In this view, the decree must be reversed and the cause remanded for further proceedings in conformity with this opinion.
It is so ordered.
NOTES
[1] The applicable provisions of § 60 are as follows:
"SEC. 60. PREFERRED CREDITORS a. A person shall be deemed to have given a preference if, being insolvent, he has, within four months before the filing of the petition, or after the filing of the petition and before the adjudication, procured or suffered a judgment to be entered against himself in favor of any person, or made a transfer of any of his property, and the effect of the enforcement of such judgment or transfer will be to enable any one of his creditors to obtain a greater percentage of his debt than any other of such creditors of the same class. Where the preference consists in a transfer, such period of four months shall not expire until four months after the date of the recording or registering of the transfer, if by law such recording or registering is required.

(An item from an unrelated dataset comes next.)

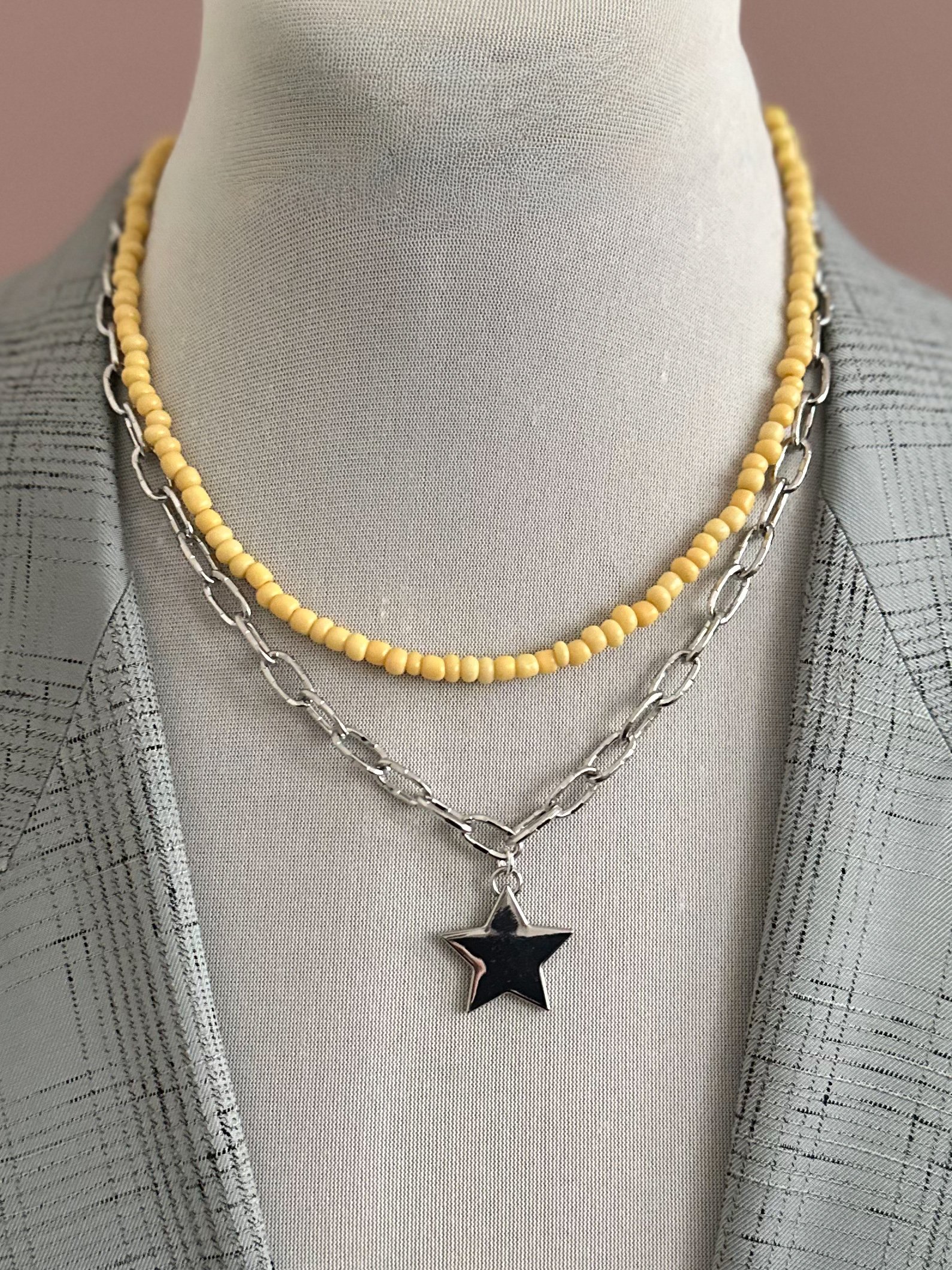 Dubbele halsketting die zowel in 1 als apart gedragen kan worden : enerzijds eentje met rocailles in warme botertint en anderzijds zilverkleurige schakelketting met vooraan een glanzend zilveren sterbedel. Door de 2 kettingen te verbinden met de schakel achteraan, blijven deze netjes op zijn plaats zitten.

"b. If a bankrupt shall have procured or suffered a judgment to be entered against him in favor of any person or have made a transfer of any of his property, and if, at the time of the transfer, or of the entry of the judgment, or of the recording or registering of the transfer if by law recording or registering thereof is required, and being within four months before the filing of the petition in bankruptcy or after the filing thereof and before the adjudication, the bankrupt be insolvent and the judgment or transfer then operate as a preference, and the person receiving it, or to be benefited thereby, or his agent acting therein, shall then have reasonable cause to believe that the enforcement of such judgment or transfer would effect a preference, it shall be voidable by the trustee and he may recover the property or its value from such person."